The vocal line occasionally flowers into something more truly melodic in Poème, but even so the piano writing is still more eloquently expressive than that for the voice. This is an integrated set of three songs to words by Albert Samain (1858-1900), not the most celebrated figure in French poetry, but one whose works clearly appealed to Tournemire as he set many of them to music, including most of the remaining songs on this disc. The first song makes great play of the tears that feature in almost every line, whereas the second rises with an affirmative passion one had not suspected to find in the composer’s armoury.
 
By the time we get to Triptyque the going is getting heavy, confirming the impression that this is music better appreciated in shortish doses. The three songs are all slow, serious meditations on the rise of Christian culture and ethics. The short piano prelude is lovely, the composer letting some light into the texture, but as soon as the voice enters the texture thickens again.
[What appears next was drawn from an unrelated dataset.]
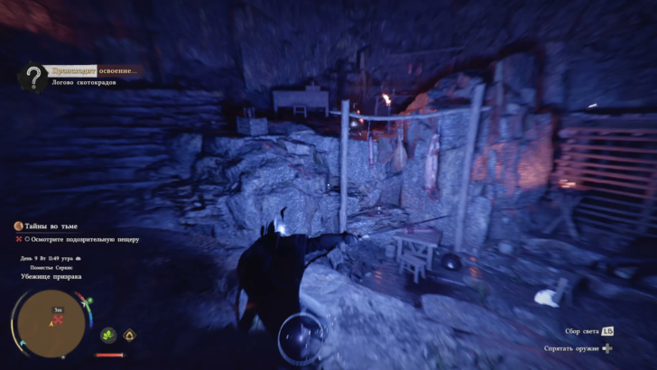 Идите вперёд и разберитесь с врагами у входа в пещеру. Когда путь будет свободен, спускайтесь вглубь до самого конца. Достаньте фонарь и осмотрите синие следы, чтобы открыть воспоминание о логове похитителей зверей.

This then hardly lets up before the equally lovely postlude which, again, provides a finish effective and convincing enough for the listener to want to return to the whole work.
 
The most approachable music on the disc is to be found in the oddly-titled Trois Lieder. The denseness of the other works is – slightly – attenuated here, perhaps because they are love songs dedicated to the composer’s wife. Solitude, on the other hand, is dark indeed, a sombre recitative wherein a disappointed lover seeks a solitude akin to the grave. Le désir qui palpite à travers la nature is a love song full of “ardour” and “fever”, well evoked in terms of atmosphere but short on lightness and melodic distinction. In spite of its title, the two lovers in Dialogue sacré sing for the most part about rather than to each other, the male voice alternating with the female, in this case the beautiful voice of Claire Seaton bringing a welcome brightness to a rather cheerless collection. Once again one is more aware of the beauty of the piano writing, and of the postlude in particular, than by anything particularly distinctive in the vocal line.
 
Michael Bundy makes the best possible case for this music, as would be expected from one who has made French song something of a speciality and has even written a book dealing with the songs of this very composer. Singing in French is an awesome challenge for all but the French, and Bundy makes as fine a shot at it as I can remember hearing. He is lucky to have the superb skills of Helen Crayford at his disposal: she rises to all the challenges, technical and stylistic, that these songs present. The recording is very fine, though the voice is a little too far forward for my taste. Bundy’s insert note is an admirable introduction to the composer and to these works, though the music rather lacks contrast and audible sign-posts, so the notes inevitably provide little in the way of a listener’s guide. This is a pity, and the music is not always easy to take in, especially at a first hearing. The texts are only available – and could have done with a bit more proofreading – on the Naxos website.